* WORK ORDER *
Your copy of the data should match it exactly, except that the pictures are gone.

* SOURCE MATERIAL *
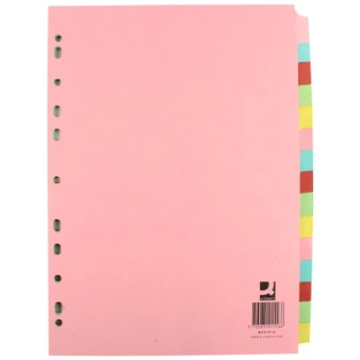 The tabs on this Q-Connect fifteen part divider have been left blank to allow you to customise it with your own labels, Each sheet is a different colour, enabling you to colour code your documents as you wish, It has been multi-punched to fit standard A4 ring binders and lever arch files 15-part tabbed dividers Ideal for office and home filing Multicoloured so you can colour-code sections Tabs have been left blank for you to customise Punched to fit all standard A4 ring binders or lever arch files 100% recycled 160gsm card
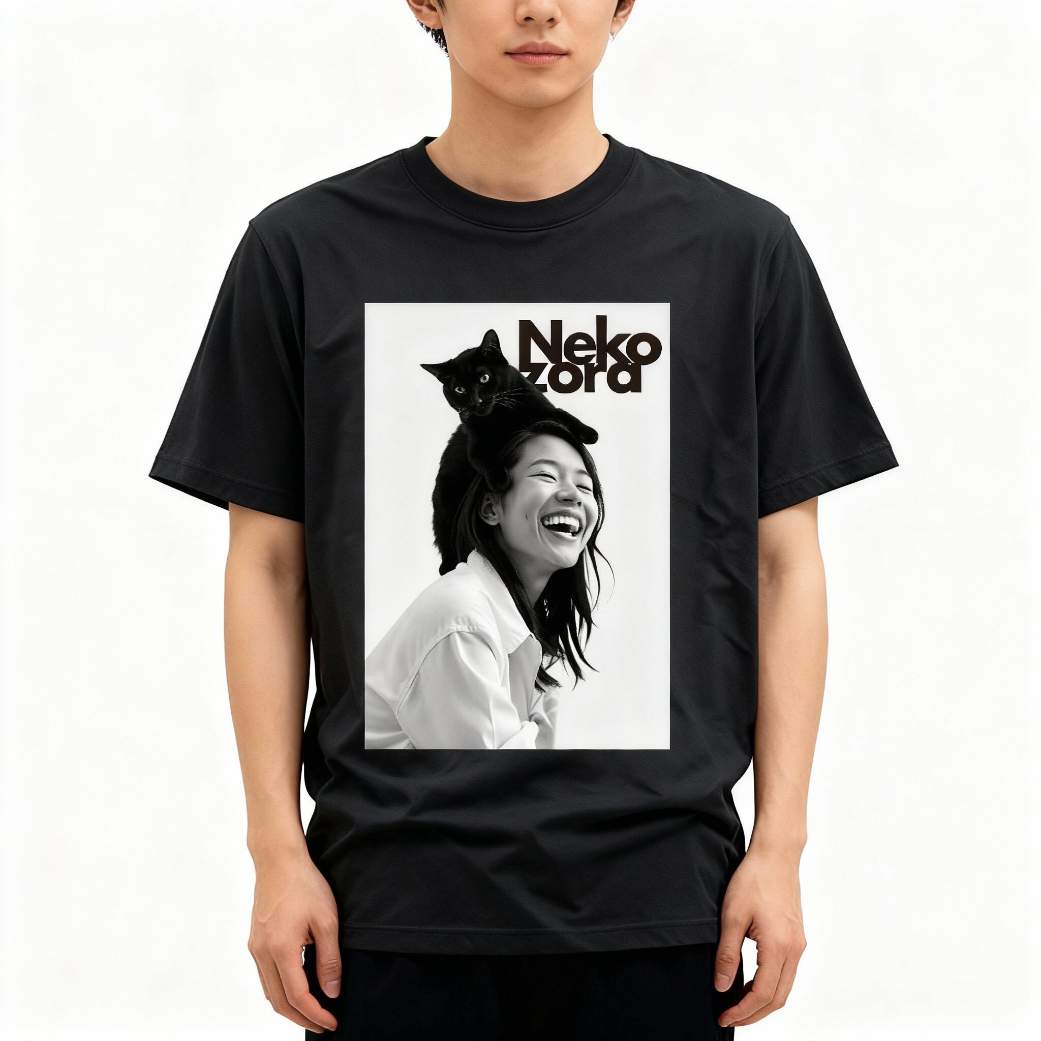 猫×人物のフォトアートを大胆に配置し、シンプルなのに存在感のあるデザイン。
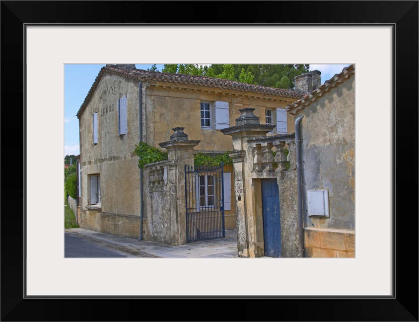 <p>The Chateau Roc de Cambes with stone wall iron gate and stone gate posts with the name carved. Blue doors and yellow house Cotes de Bourg Bordeaux Gironde Aquitaine France</p>

* TASK RESULT *
 The tabs on this Q-Connect fifteen part divider have been left blank to allow you to customise it with your own labels, Each sheet is a different colour, enabling you to colour code your documents as you wish, It has been multi-punched to fit standard A4 ring binders and lever arch files 15-part tabbed dividers Ideal for office and home filing Multicoloured so you can colour-code sections Tabs have been left blank for you to customise Punched to fit all standard A4 ring binders or lever arch files 100% recycled 160gsm card
 猫×人物のフォトアートを大胆に配置し、シンプルなのに存在感のあるデザイン。
 <p>The Chateau Roc de Cambes with stone wall iron gate and stone gate posts with the name carved. Blue doors and yellow house Cotes de Bourg Bordeaux Gironde Aquitaine France</p>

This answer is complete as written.